Ils se sont ensuite intéressés à d’autres gènes précédemment associés aux TSA et ont cartographié les interactions entre eux et UBE3A.

Il s’avère qu’un excès d’UBE3A inhibe les membres d’une famille de gènes appelée groupe cérébelline, qui contribue au fonctionnement des connexions entre les nerfs, appelées synapses.

Lorsque les chercheurs ont supprimé l’un des gènes cérébelleux – appelé CBLN1 – à l’intérieur des neurones présentant un certain type de synapse, ils ont recréé les mêmes caractéristiques que celles observées chez les souris présentant un excès d’UBE3A.

“Lorsque nous avons supprimé le gène et que nous avons pu reconstituer les déficits sociaux, nous avons compris que nous avions touché la bonne cible. La cérébelline 1 était le gène réprimé par l’UBE3A qui semblait médier ses effets”, a déclaré Anderson.

D’autres expériences ont confirmé l’hypothèse selon laquelle les crises d’épilepsie chez les personnes atteintes de TSA, en particulier celles atteintes du syndrome du chromosome 15 isodicentrique, étaient directement responsables de l’altération de la sociabilité.

L’équipe a constaté que la suppression d’UBE3A ne mettait pas fin aux crises, mais qu’elle supprimait la conséquence de l’altération de la sociabilité.

En d’autres termes, le fait d’avoir un peu plus d’UBE3A – comme c’est le cas pour certaines personnes atteintes de TSA – peut entraîner une perte importante des comportements de socialisation à la suite de crises légères.

Enfin, les chercheurs ont cartographié l’endroit du cerveau où l’UBE3A était affectée par les crises, et l’ont trouvé à un endroit plutôt étrange.

“La plupart des scientifiques auraient pensé qu’elles avaient lieu dans le cortex – la zone du cerveau où se déroulent le traitement sensoriel et les commandes motrices – mais, en fait, ces interactions ont lieu dans le tronc cérébral, dans le système de récompense”, a déclaré Anderson.

L’endroit exact est un groupe de neurones dans le mésencéphale appelé l’aire tegmentale ventrale, connue pour jouer un rôle clé dans la motivation, l’amour et la dépendance.

Il est important de noter qu’en utilisant des récepteurs modifiés qu’ils ont pu planter dans les nerfs, ils ont découvert qu’il était possible d’activer et de désactiver les nerfs, augmentant ainsi la sociabilité.

Il convient de préciser que la méthode n’a été appliquée qu’à des souris de laboratoire spécialement modifiées et que l’insertion d’interrupteurs neuronaux chez l’homme n’est actuellement pas une possibilité médicale.
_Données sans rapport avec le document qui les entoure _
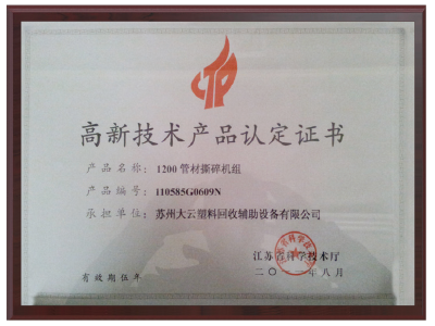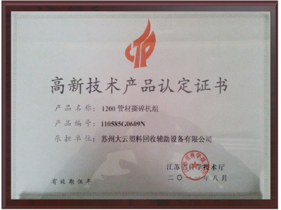 高新技术产品认定证书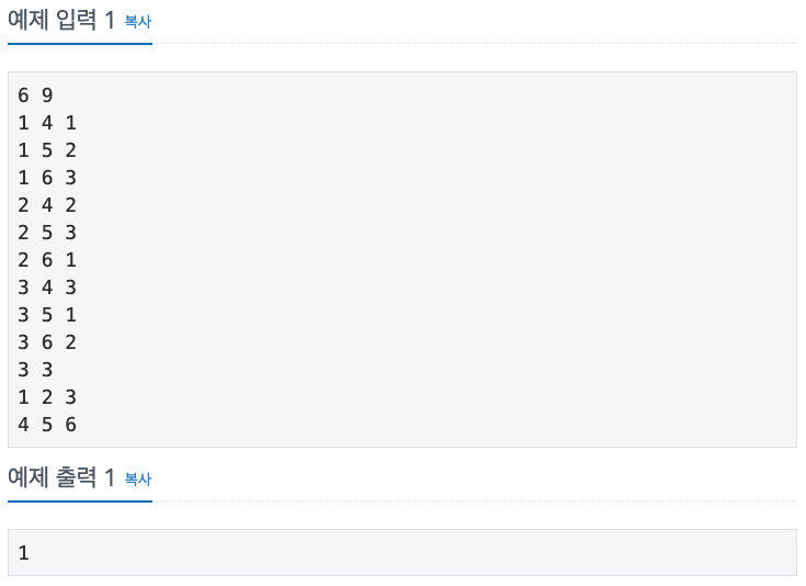 예시 1 :: 주어진 문제에서 집 정점은 1, 2, 3. 편의점 정점은 4, 5, 6으로 주어진다.

Mais cette découverte fournit une cible à étudier pour d’autres formes potentielles de traitement.

“Elle a une saveur thérapeutique ; un jour, nous pourrons peut-être la traduire en un traitement qui aidera les patients”, a déclaré M. Anderson.

Cela n’aidera peut-être pas tous les individus du spectre, mais comprendre comment notre cerveau donne naissance à la variété de caractéristiques qui composent les TSA pourrait peu à peu offrir des options à ceux qui ont des difficultés à se socialiser.

Cette recherche a été publiée dans Nature.